I've made a webpage of 87x "Best RapidMiner Videos", above.  After a few *hours* of googling I could find no quickstart, tutorial or examples for using "Read RSS Feed"....  I want to process web feeds, primarily Twitter feeds.  I could also find no quickstart, tutorial or examples for using RapidMiner with Twitter.  The main thing I want to be able to do is filter tweets on non-identical similarity, presumably via classification.  I would also like to try using RapidMiner for link metrics.  I have searched this forum for "rss" and "twitter", without finding anything helpful to me.  Also, it is not clear to me how to access RapidMiner results programmatically like an API.  It seems that it would be much more accessible if RapidMiner were available in the cloud as a web service.  Ultimately, I hope to be able to use RapidMiner in conjunction with Yahoo! Pipes.  (And, I could find no quickstart, tutorial or examples for using RapidMiner with Yahoo! Pipes....)
Logged
haddock
Hero Member
*****
Posts: 853



WWW
« Reply #1 on: July 05, 2012, 08:19:55 AM »
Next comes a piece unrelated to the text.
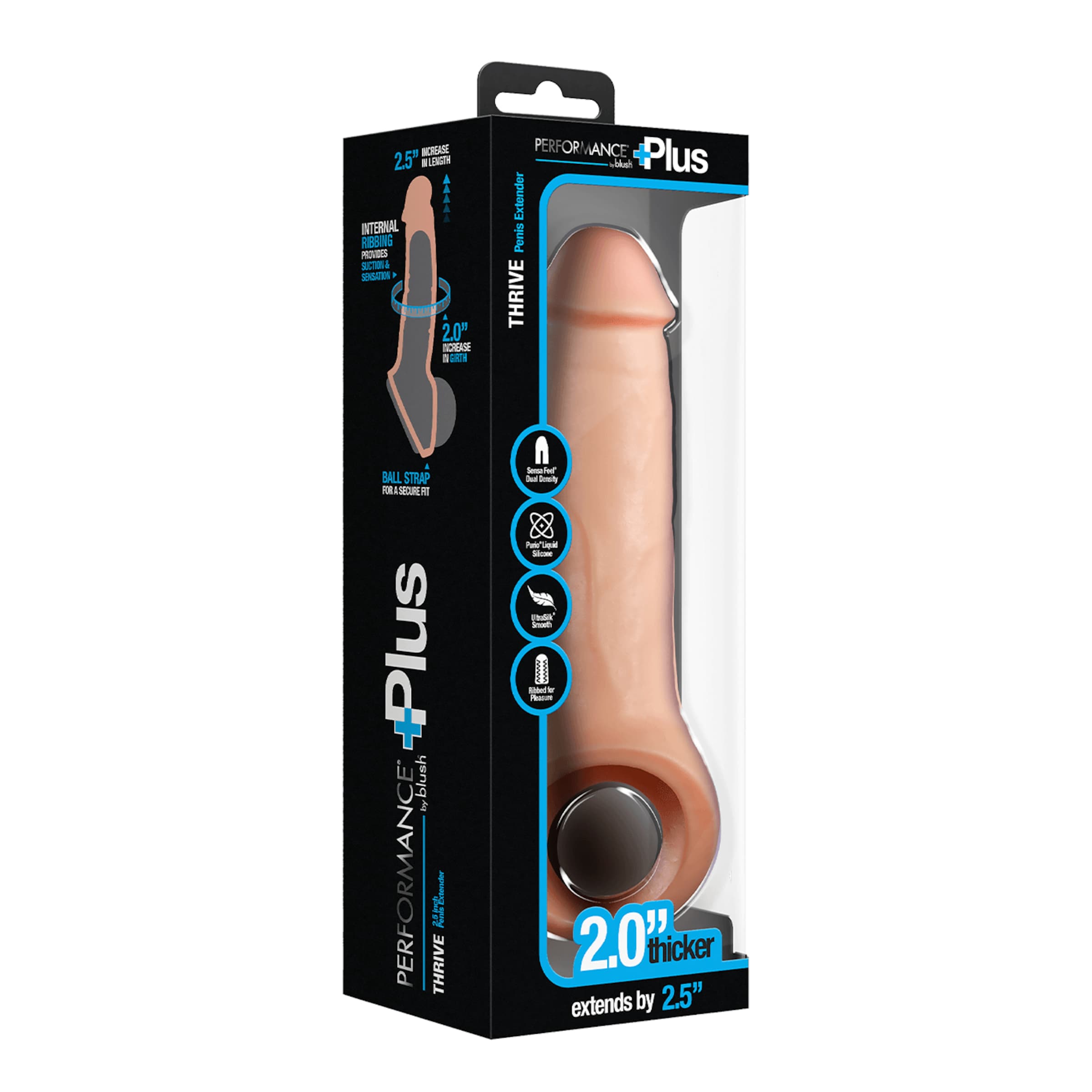 Der Thrive 2.5 Inch Silicone Penis Xtender aus der Performance Plus Kollektion von Blush Novelties ist die ideale Wahl für alle, die mehr wollen: mehr Länge, mehr Umfang, mehr Intensität. Mit einer Gesamtlänge von 22,2 cm und 5 cm im Umfang sorgt der Thrive Xtender für ein imposantes Upgrade im Schlafzimmer. Das Geheimnis seines realistischen Gefühls liegt in der Sensa Feel® Dual Density Technologie: außen weich und hautähnlich, innen stabil und kraftvoll. Die samtige Purio® Liquid Silicone Oberfläche rundet das Gefühlserlebnis perfekt ab – 100 % körperfreundlich, hypoallergen und luxuriös.

I Googled "rapidminer Read RSS Feed" and got http://www.myexperiment.org/workflows/1465.html as the first link. It says, "This workflow connects RapidMiner to Twitter and downloads the timeline". Are we using the same Google?
Logged

Where is the wisdom we have lost in knowledge?
Where is the knowledge we have lost in information?

T.S.Eliot ~ Choruses from the Rock 1934
mendicott
Newbie
*
Posts: 2


« Reply #2 on: July 05, 2012, 02:40:45 PM »

I also got that, but could not get it to work....  There seems to be some kind of inconsistency or incompatibility between the "Read RSS Feed" and the "Process Documents from Data".  Can you reproduce it in a working version?  Can you post the steps you took to get it working?
Logged
tobyb
Newbie
*
Posts: 11


« Reply #3 on: April 15, 2013, 09:57:38 PM »

I am having the same issue.  Has this been resolved?

Thanks,
Toby
Logged
Rene
Newbie
*
Posts: 25


« Reply #4 on: April 17, 2013, 12:03:18 AM »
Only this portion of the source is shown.